Exploring Right Responses
Finding the right response is all about using knowledge of our feelings to identify forward action. For example:
Anger can be a sign something needs to stop or change, or that a boundary has been crossed. After feeling it, once you have enough distance to ask what information your anger is telling you, you may find you have a good idea of what to do next.
Maybe you need to change something in your life so the thing making you angry is no longer a factor.
Maybe you need to ask for something different to hold your boundaries.
Maybe you need to say no instead of yes.
Maybe you need to shift your perspective or soften what you think someone else should be doing with their life.
Guilt is a sign you don’t like how you behaved. It’s not the same as shame, which has more to do with believe you are inherently bad.
If you feel guilt, appropriate responses might be apologizing, fixing what you can, and changing how you act next time.
It can also mean examining underlying causes of your behavior and seeing if there’s something you need to address.
Disappointment shows your needs or expectations went unmet.
This can be a sign you need to be more vocal, clearer or firmer
It might also be a chance to consider whether your expectations were truly necessary. (Be careful with this. For instance, you might legitimately need a boost, so don’t go hard on yourself when you feel disappointed you didn’t have time for anything fun.)
Helplessness is an uncomfortable, out of control feeling that highlights a perceived lack of power. It comes up in moments when you don’t feel a sense of agency or an ability to affect your own outcomes.
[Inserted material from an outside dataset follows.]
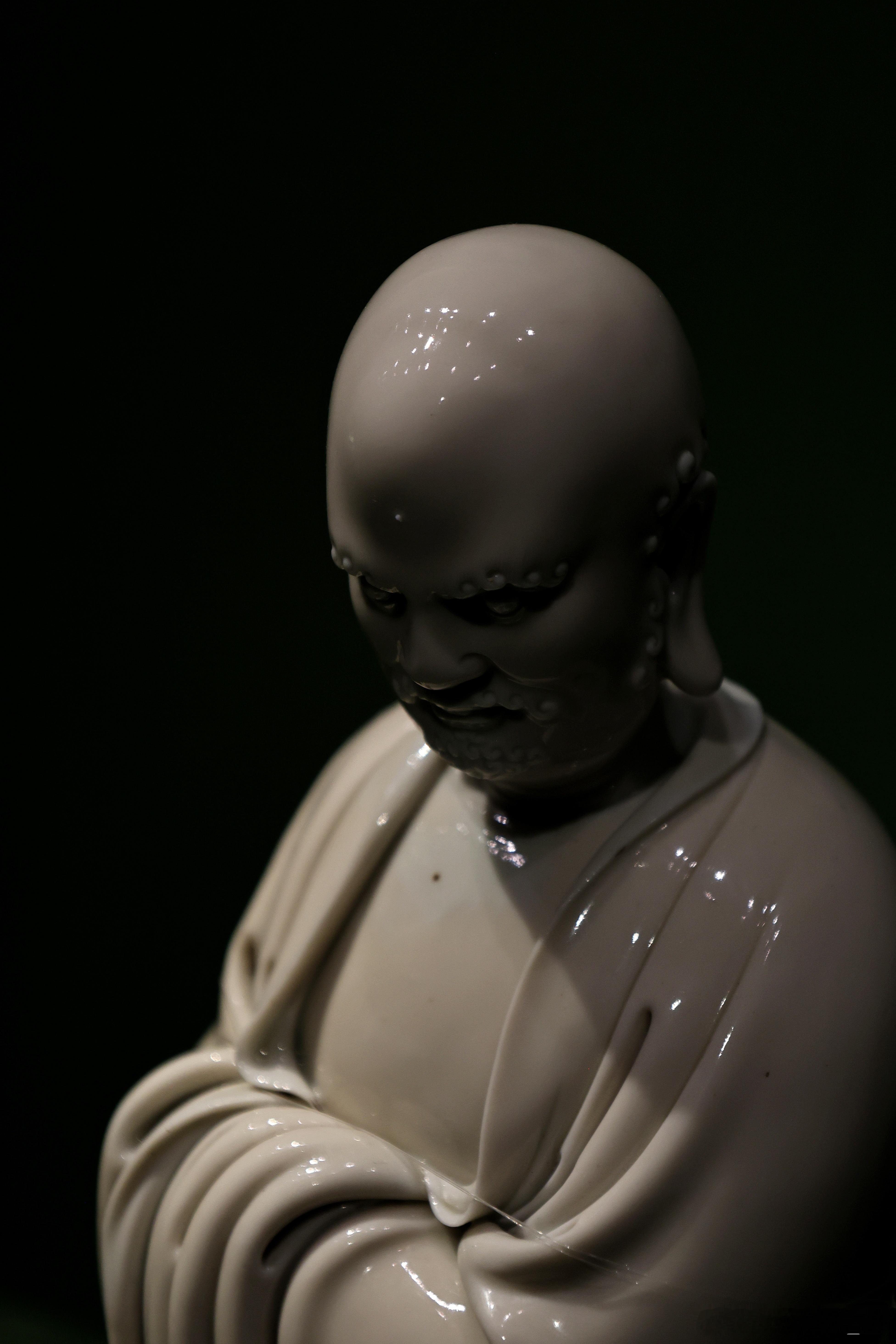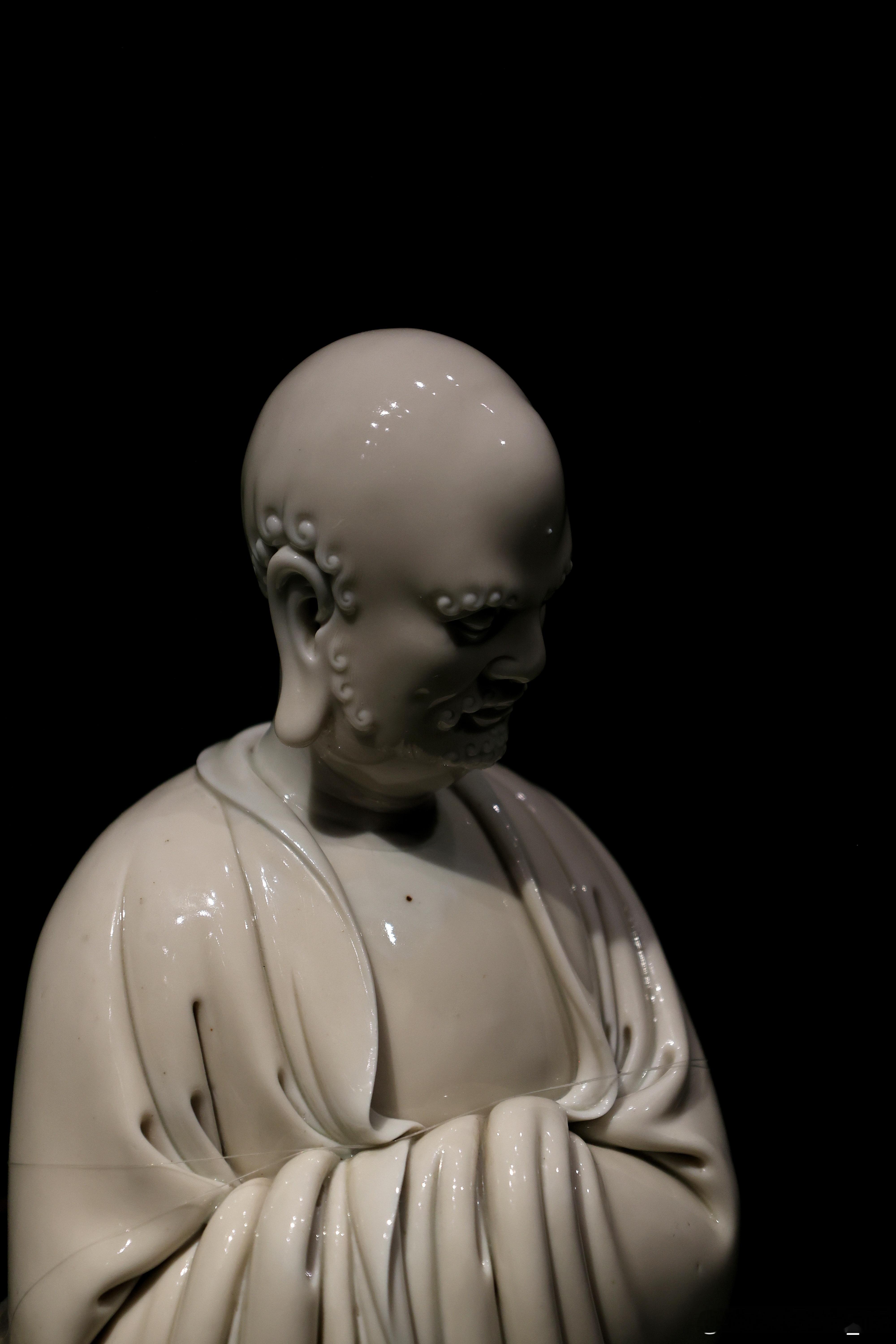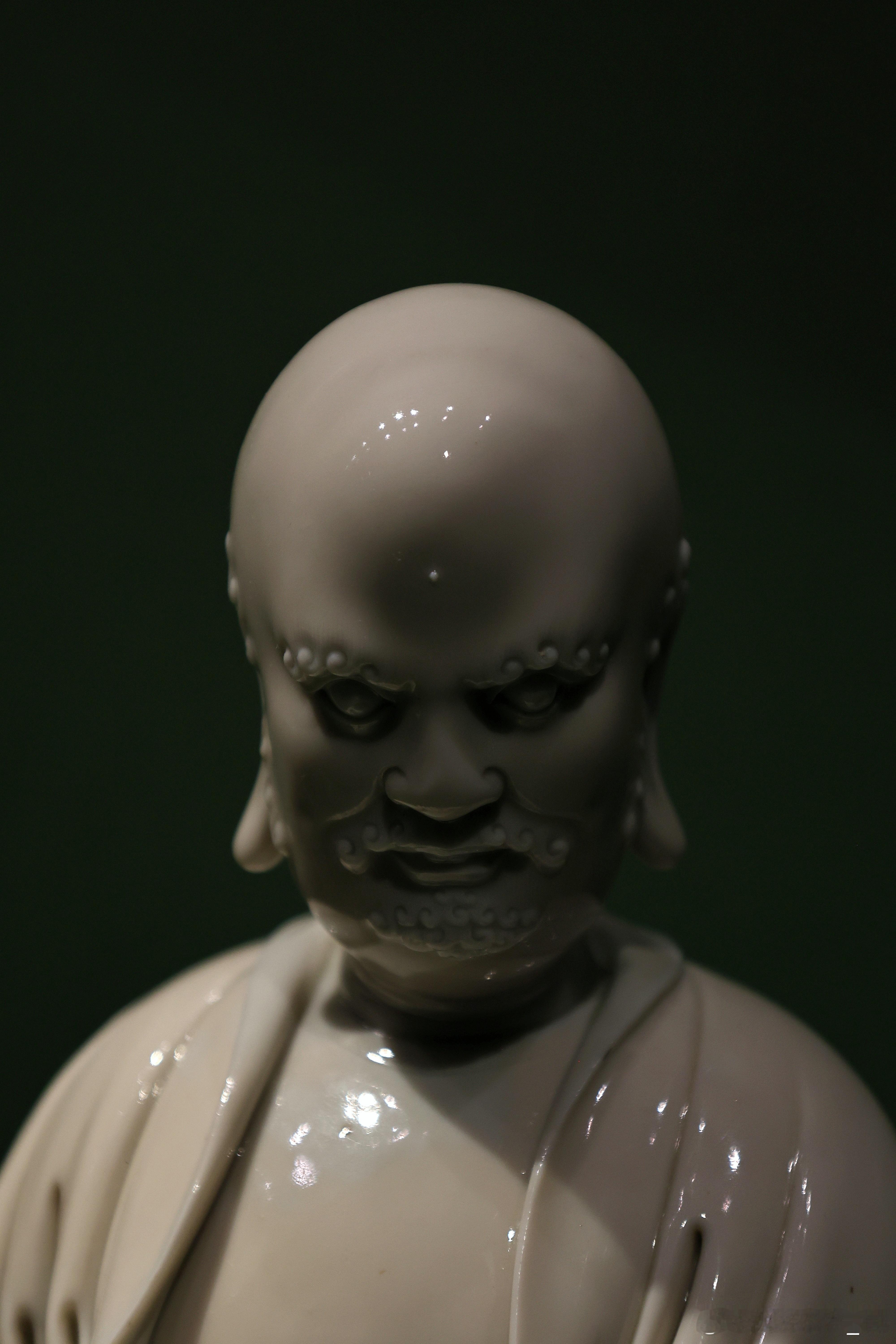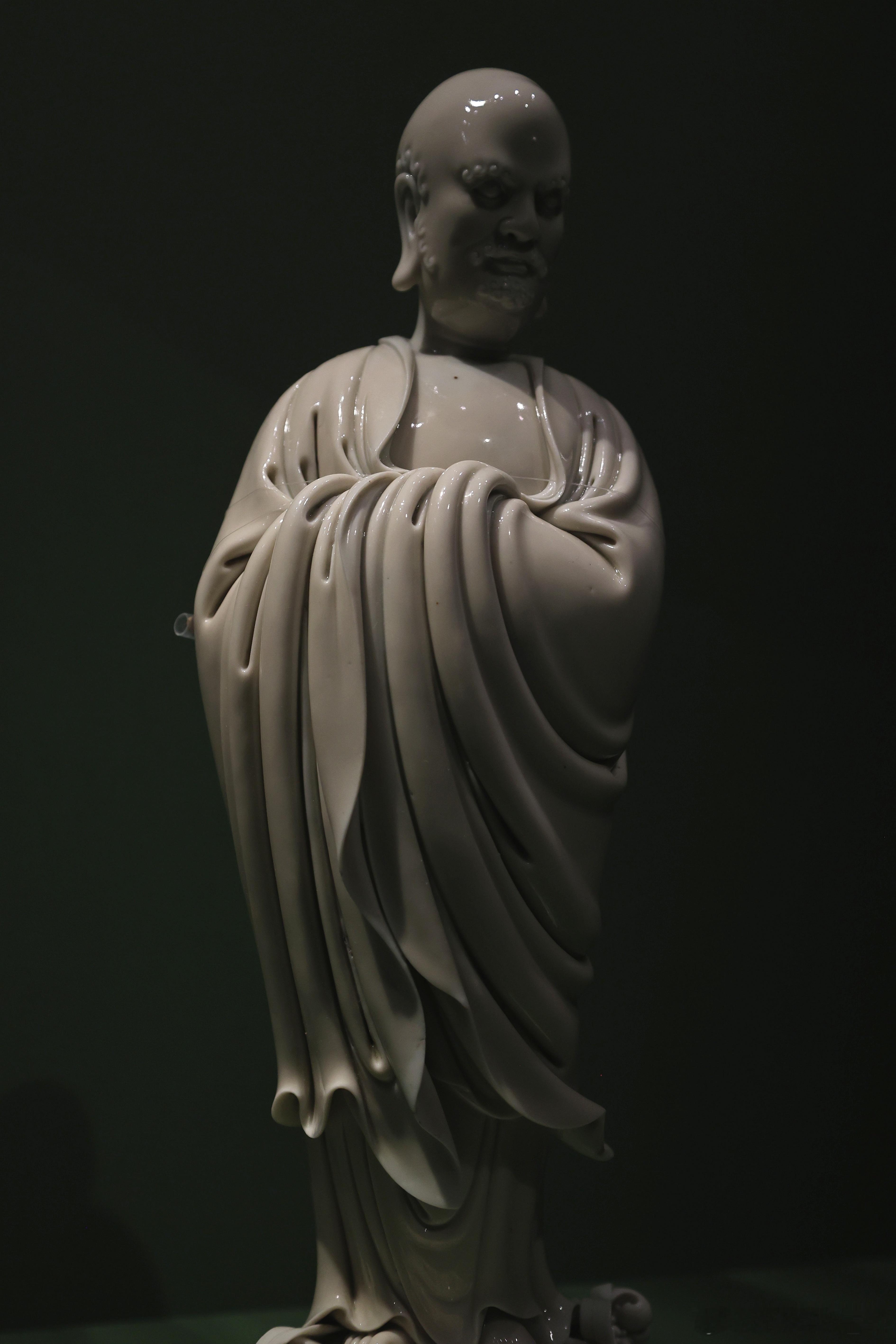 德化窑白釉达摩立像 明 (公元1368-1644年)故宫博物院藏清宫旧藏器,原存热河行宫。达摩身披袈裟,头部微低,鬓发卷曲,广额深目,双眼凝视前方,双手合抱于袖中,赤足立于苇叶之上,作疾驰渡海状。此塑像通体施白釉,釉色洁白,像背后钤方形阴文篆书"何朝宗印"。此塑像为明代德化窑作品,雕工精湛,惟妙惟肖,刻画出艰苦涉险、坚定无畏的高僧形象,是德化窑经典代表作品之一。 展出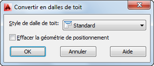 . La fiche de travail Convertir en dalles de toit affiche les styles de dalle de toit existants dans votre dessin en cours.

It is a sign to take back your power!
This might mean speaking up, putting your foot down, finding an ally, seeking somewhere or someone safer, and thinking over the levers you have within your control that you might not have noticed.
Luckily, beyond this spitball approach, there are some great thought models and frameworks out there to help us through the process of identifying the right response to an emotion. We’ll talk more about those in upcoming posts.
For now, this new biological view on our difficult-to-feel feelings can give us enough distance from them to bounce back faster.
Relief!
We know all our feelings are natural.
We accept them as such.
We also know the physical sensation doesn’t have to last as long as we might fear. In fact it might not last long at all.
And we have a strategy for getting through it quicker: Accept + Emote + Let Go
So, this week I invite you to appreciate your emotions with fresh eyes. Have curiosity about your feelings and what they teach you. Gain empathy for yourself when having hard feels. And remember to appreciate that all feelings—both good and bad—mean you’re human and you’re still alive!
Now go forth and feel!
xx
-Marisol
I really appreciate this cycle because I consider myself a very thoughtful person, but I lose that when I feel an intense negative emotion. And in that instant, I think it's been replaced forever with the hard feeling.
But my 'feelings' and my 'thoughtfulness' do not fill up the same parts of me. I just need to give my hard feelings space and time before I can return to my more comfortable state to re-engage with my curious and thoughtful self.